Even then the whole thing was questionable, not least because it was Hogan vs. Sting in 2011, but Sting’s dedication gives it an edge. He’s clearly having fun, delivering something different every promo, and there’s an underlying meta to his madness – an old-guard professional finally cracking as he’s forced to go through the motions of a tired angle. There’s an unease to what Sting’s doing, as we wonder whether he’s giving us a show for entertainment, or as a plea for help.

Violent J and Shaggy 2 Dope
It may be a stretch to consider the Insane Clown Posse the spiritual successors of Extreme Championship Wrestling, but I’m calling it. Violent J and Shaggy 2 Dope aren’t just tenured wrestlers, they’re legitimate businessmen of the indie scene, having run Juggalo Championship Wrestling for over two decades alongside their wide variety of other ventures.
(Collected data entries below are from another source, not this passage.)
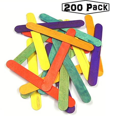 Package includes 200 colorful assorted jumbo colored craft sticks.
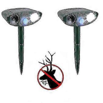 مبيد الغزلان بالموجات فوق الصوتية - حزمة من 2 - تعمل بالطاقة الشمسية - تخلص من الغزلان في 48 ساعة طويلة
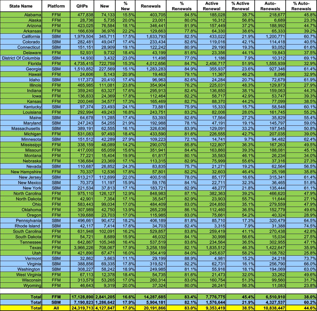 First up: Breaking out new enrollees vs. existing enrollees who either actively re-enroll in an exchange plan for another year or who passively allow themselves to be automatically renewed into their current plan (or to be "mapped" to a similar plan if the current one is no longer available).

In the most E-C-DUB of origins, the pair were asked to appear in the second ECW pay-per-view Hardcore Heaven at the behest of Rob Van Dam as he knew they were fans and former backyard wrestlers. WWE and WCW can knocking after, leading to feuds with the Headbangers and forming stables alongside other alternative weirdos Vampiro and Raven.
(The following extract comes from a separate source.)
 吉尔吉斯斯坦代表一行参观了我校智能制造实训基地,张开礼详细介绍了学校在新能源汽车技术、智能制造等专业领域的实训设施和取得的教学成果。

Although their reputation as living memes isn’t unjustified, the ferocity of ICP’s cult of personality is equally undeniable, and when it comes to pro wrestling, they’re some of the savviest bookers and performers in the biz. They embrace the down-and-dirty, freak-show roots of the form, and present it without pretension. The self-produced hip-hop regalia and layered on face-mask makes them naturals in front of any wrestling crowd, and if being a white rapper is good enough for John Cena, it’s good enough for the Posse. In fact, the scariest thing about them, really, is what it says about us that we’ll cheer Vince McMahon’s son throwing himself off a 40-foot cage, or a demonic fiend hosting a kayfabe children’s show, but somehow they’re still the weirdos.

Pogo The Clown
Given that Pogo The Clown is a direct reference to serial killer John Wayne Gacy, it’s should come as no surprise that this guy’s the only entry on this list who never wrestled for a major company. That said, Joe Applebaumer is an old-school wrestling road warrior whose career started in the early nineties and continues to this day.
With such a hefty legacy behind the title, Pogo takes his clowning very seriously. Appearing in a plump onesie not unlike Pennywise’s garb in the recent IT movies, Pogo is unsettling precisely because he literally looks like a time-displaced clown from some backwater town in the 1950s trying to wrestle. Not to mention that a lot of his most prolific work is against the likes of Sandman for companies such as Xtreme Pro Wrestling, where the selling is men bloodying each other up by any means necessary.
Dripping with blood, usually gasping for air and sweating profusely, Pogo’s the dime-store clown from your nightmares; a wheezing, psychotic menace that cannot be stopped, no matter how many times you hit him with a chair. He may not be on the road as much as he once was, but rest assured if you’re hanging around the independent wrestling circuit long enough, he’ll find you.